The entries below contain pictures. Write out only the lines from the line with "Vid Helgöån /" up to and including the line with "Parent Advisory ry", exactly, without them.

********************

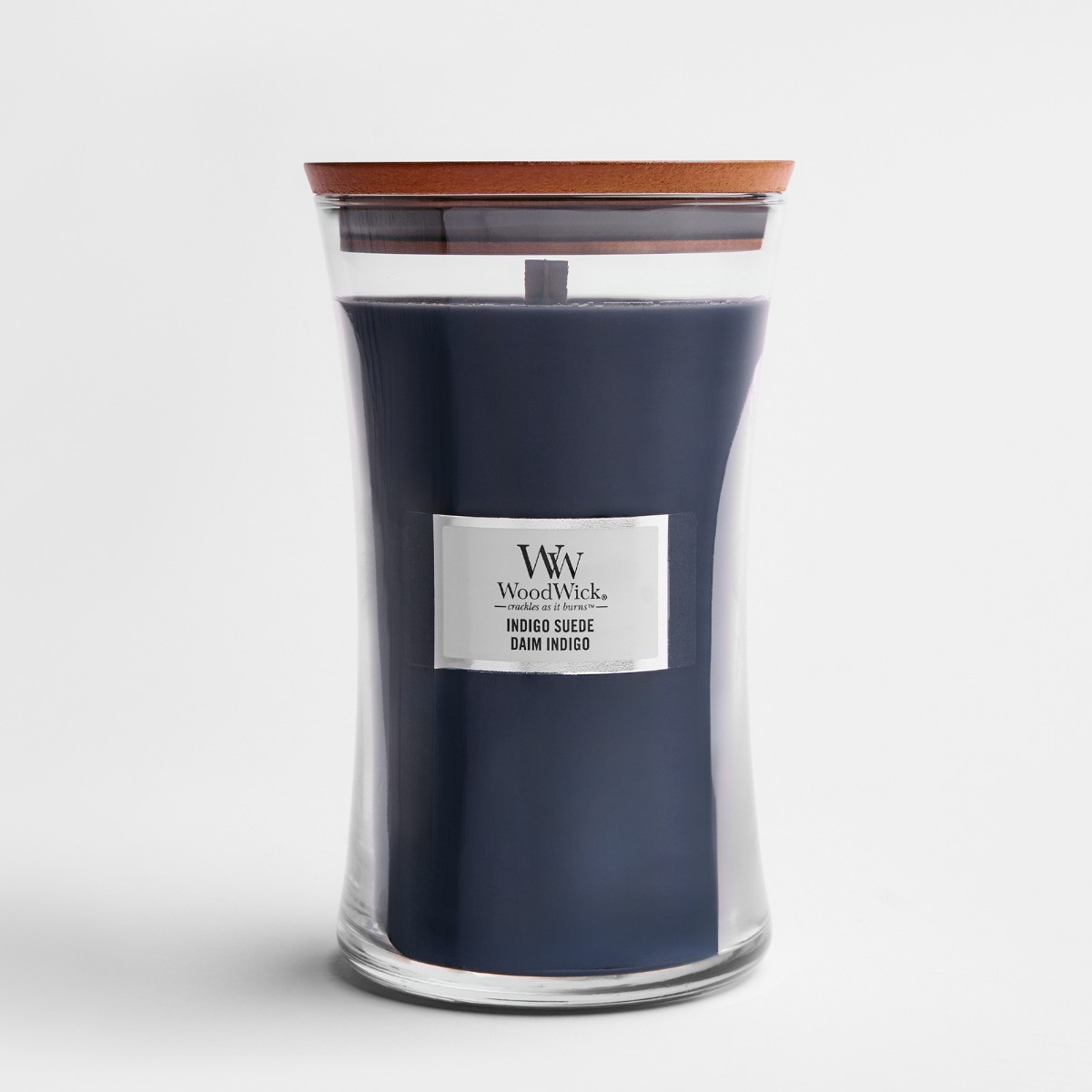 Woodwick Indigo Suede Large Hourglass Jar - Navy
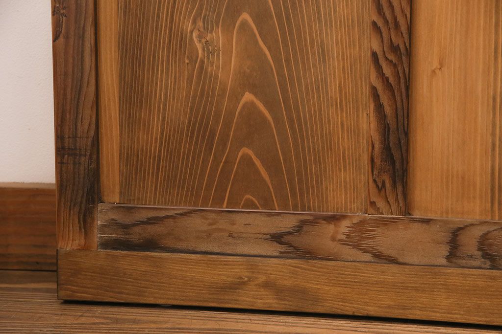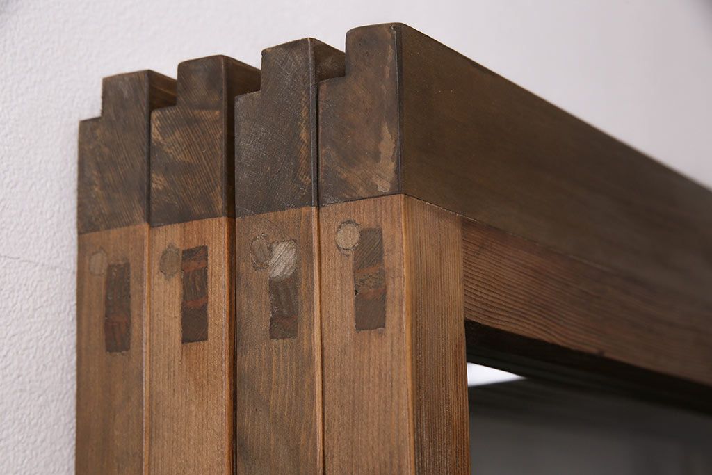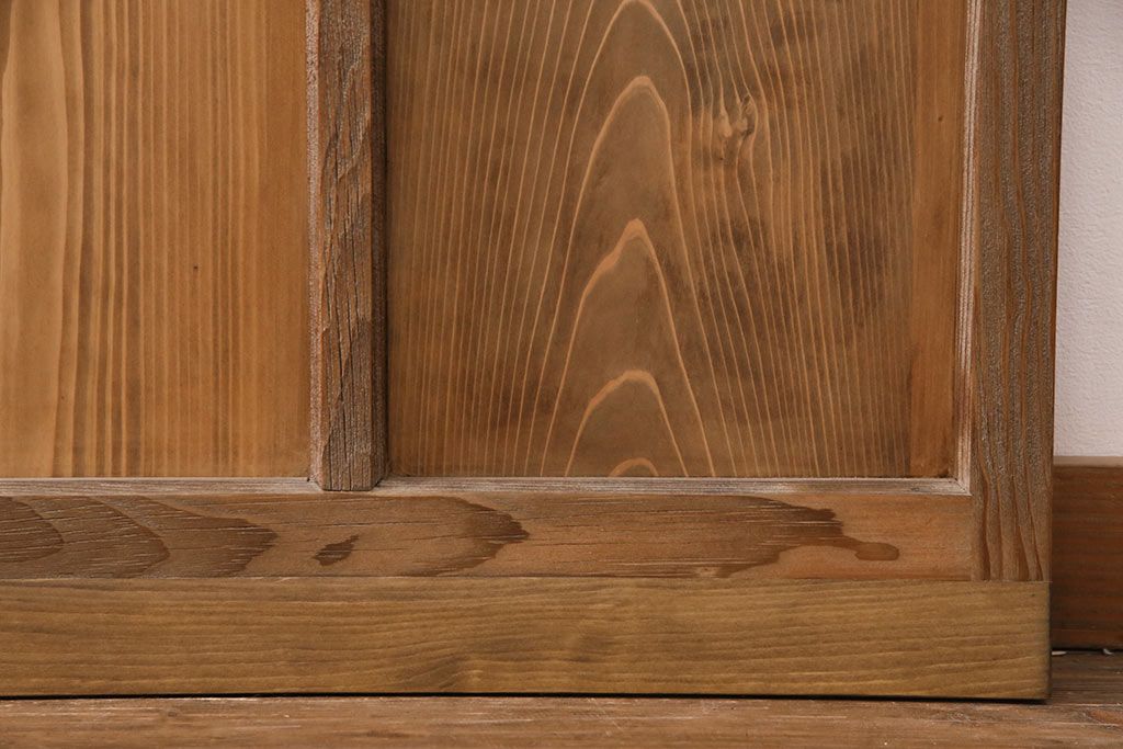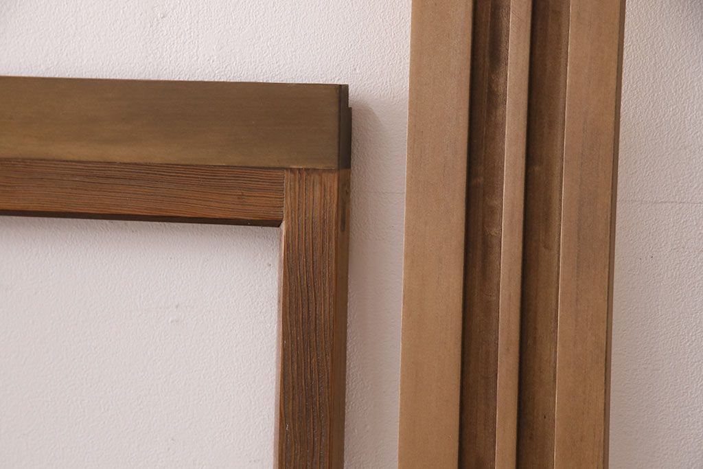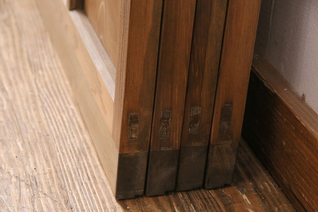 セミオーダー家具実績 > 昭和初期のガラス戸4枚をリペア&カスタム!設置場所に合わせてリサイズ。引手と戸車を取り付け。クリアガラス、ダイヤガラス、ゆらゆらガラス、変わり花菱模様ガラスに差し替え。クリアワックス仕上げ。戸枠を新たに製作。(引き戸、建具)
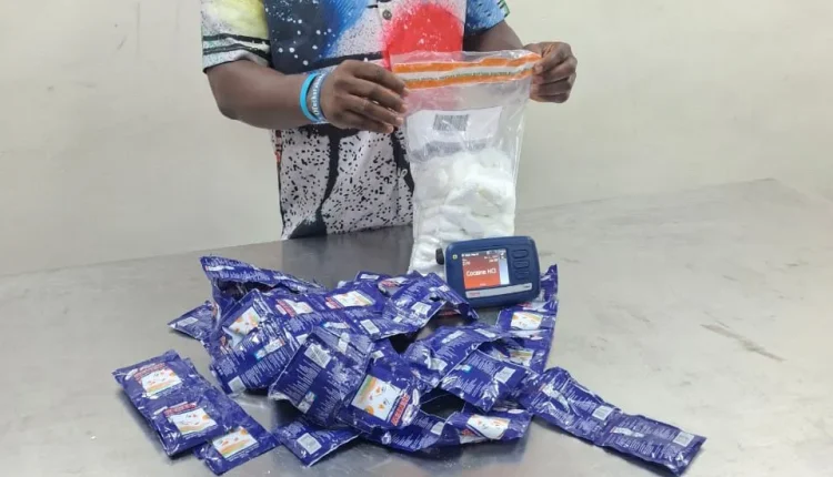 A notorious drug trafficker Nwobodo Chidiebere Basil previously convicted of dealing in 30.10kg methamphetamine in 2023 has again been arrested by operatives of the National Drug Law Enforcement Agency (NDLEA) following the seizure of 75 parcels of cocaine weighing 1.50 kilograms concealed in factory sealed sachets of cold-water starch heading to the United Kingdom at the export shed of the Murtala Muhammed International Airport (MMIA) Ikeja Lagos.
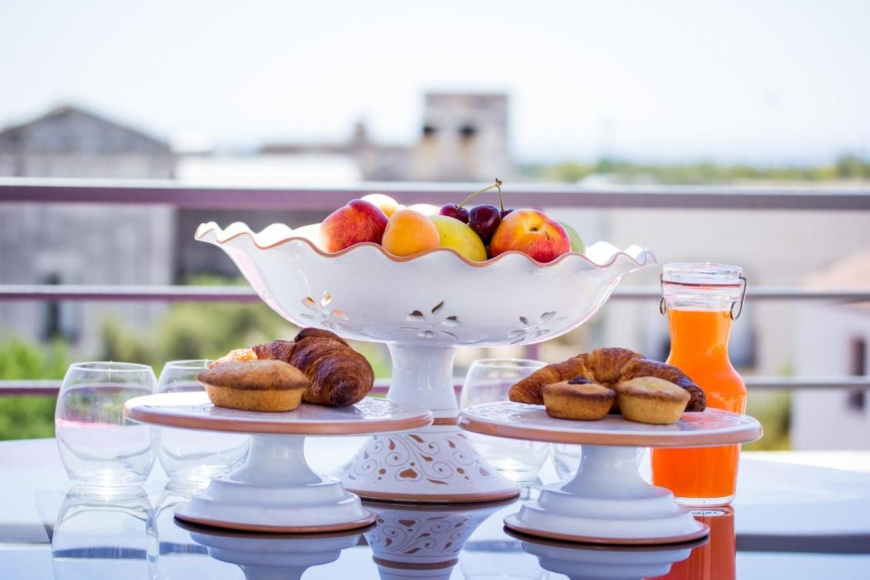 La colazione è servita sulla meravigliosa terrazza da cui si intravede il famoso faro di Santa Maria di Leuca.
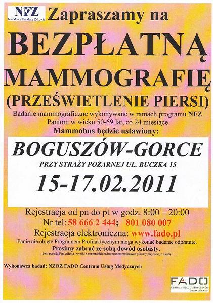 BEZPŁATNE BADANIA MAMMOGRAFICZNE W dniach od 15 do 17 lutego przeprowadzona została w naszym mieście, akcja bezpłatnych badań mammograficznych. Akcja cieszyła się ogromnym zainteresowaniem. W przeciągu 3 dni przebadanych zostało 180 pań.
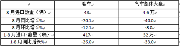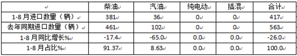 前8月我国客车进口:同比降26% 轻客领跑领涨 柴油占比超9成
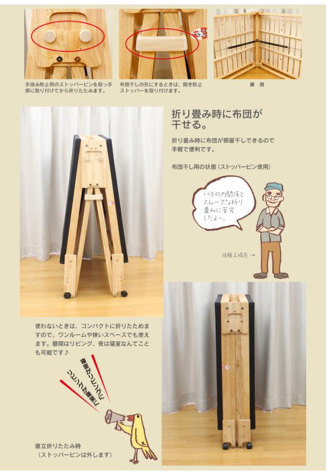 [4] 折りたたみ時にはお布団をかけたままキャスターを使って自由に移動させることができますので、日光の当たる部屋から部屋へ移動させることができます。
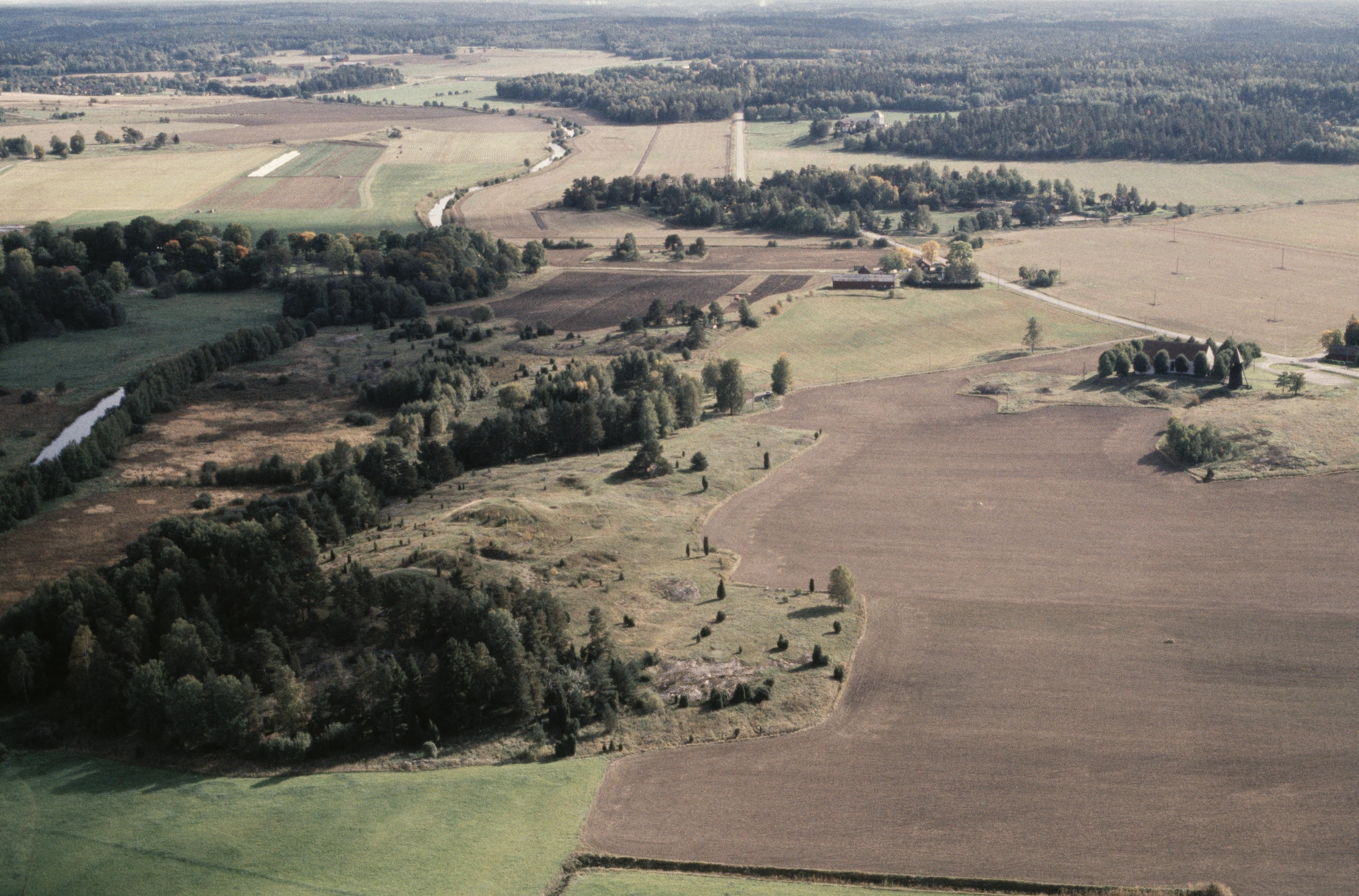 Vid Helgöån / Husaån i Långhundraleden. Gravfältet Sjökullarna RAÄnr Vada 10:1 och Vada kyrka. Bilden är tagen mot (väderstreck): S
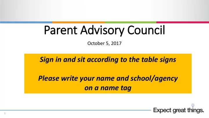 Parent Advisory ry Council October 5, 2017 Sign in and sit according to the table signs Please write your name and school/agency on a name tag 1
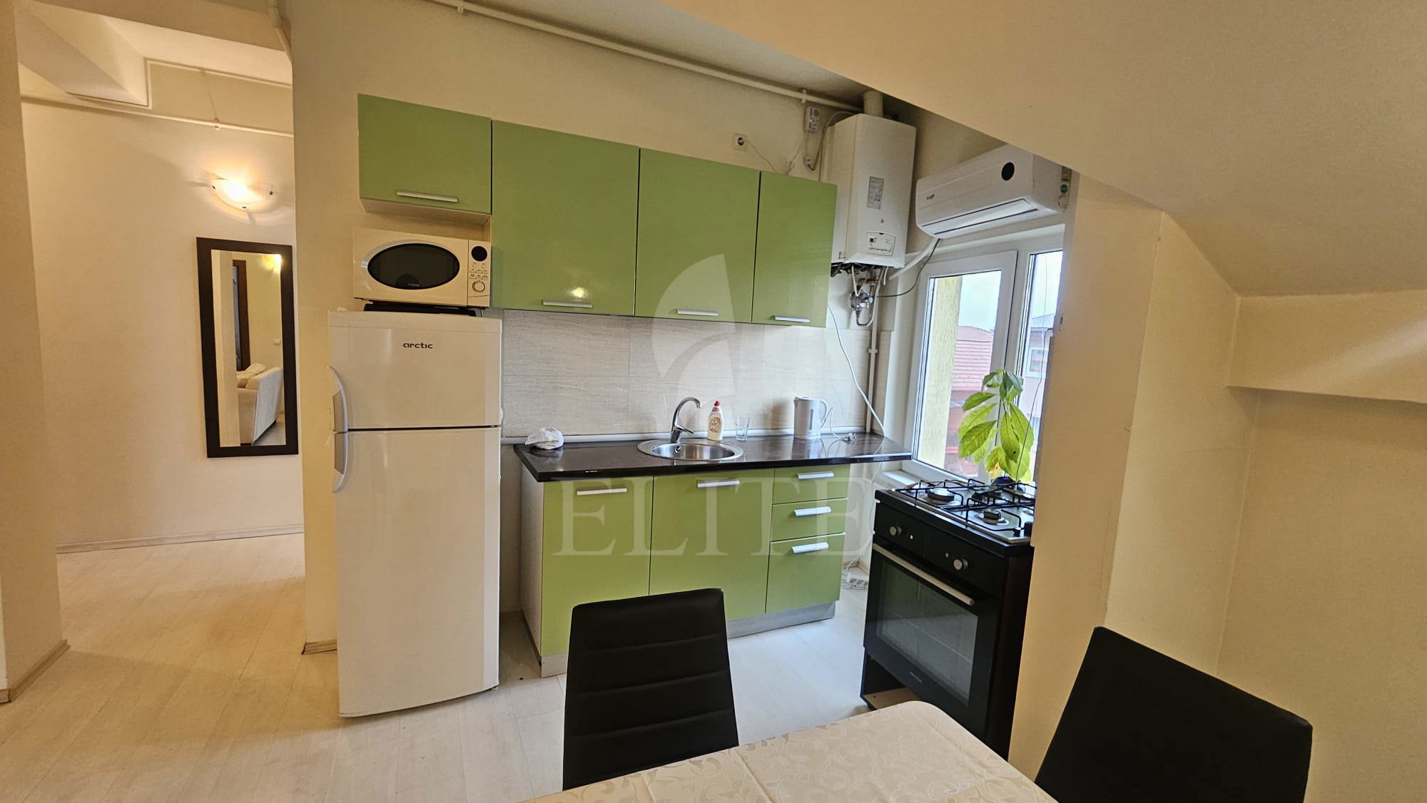 ELITE va ofera spre inchiriere apartament cu 3 camere in construcție nouă, situat in cartierul ZORILOR zona str. Padurii. Apartamentul are o suprafata utila de 60 mp si este pozitionat la ultimul nivel, in bloc apartamente cu regim de inaltime D+P+2E+M, construit in 2013, cu izolație exterioară. Este un apartament semidecomandat, confort 1; are hol acces, living impreuna cu bucatarie open space, doua dormitoare, 1 baie. Este foarte luminos datorita expunerii catre sud-vest. In interior este finisat modern. Se inchiriaza mobilat si utilat complet. Imobilul dispune si de centrală proprie, aer condiționat,ferestre termopan,parchet laminat,faianta/gresie modernă,usa de intrare metalica. Apartamentul este dotat cu urmatoarele electrocasnice: mașină de spălat rufe, frigider, aragaz. Apartamentul este localizat in vecinatatea mijloacelor de transport in comun. Are ca si vecinatati: blocuri,spatii verzi,magazin Carrefour. Imobilul din care face parte e retras de la strada principala, dar la cca 5 minute pietonale fata de Spitalul de Recuperare.

********************

**Result below**:
 Vid Helgöån / Husaån i Långhundraleden. Gravfältet Sjökullarna RAÄnr Vada 10:1 och Vada kyrka. Bilden är tagen mot (väderstreck): S
 Parent Advisory ry Council October 5, 2017 Sign in and sit according to the table signs Please write your name and school/agency on a name tag 1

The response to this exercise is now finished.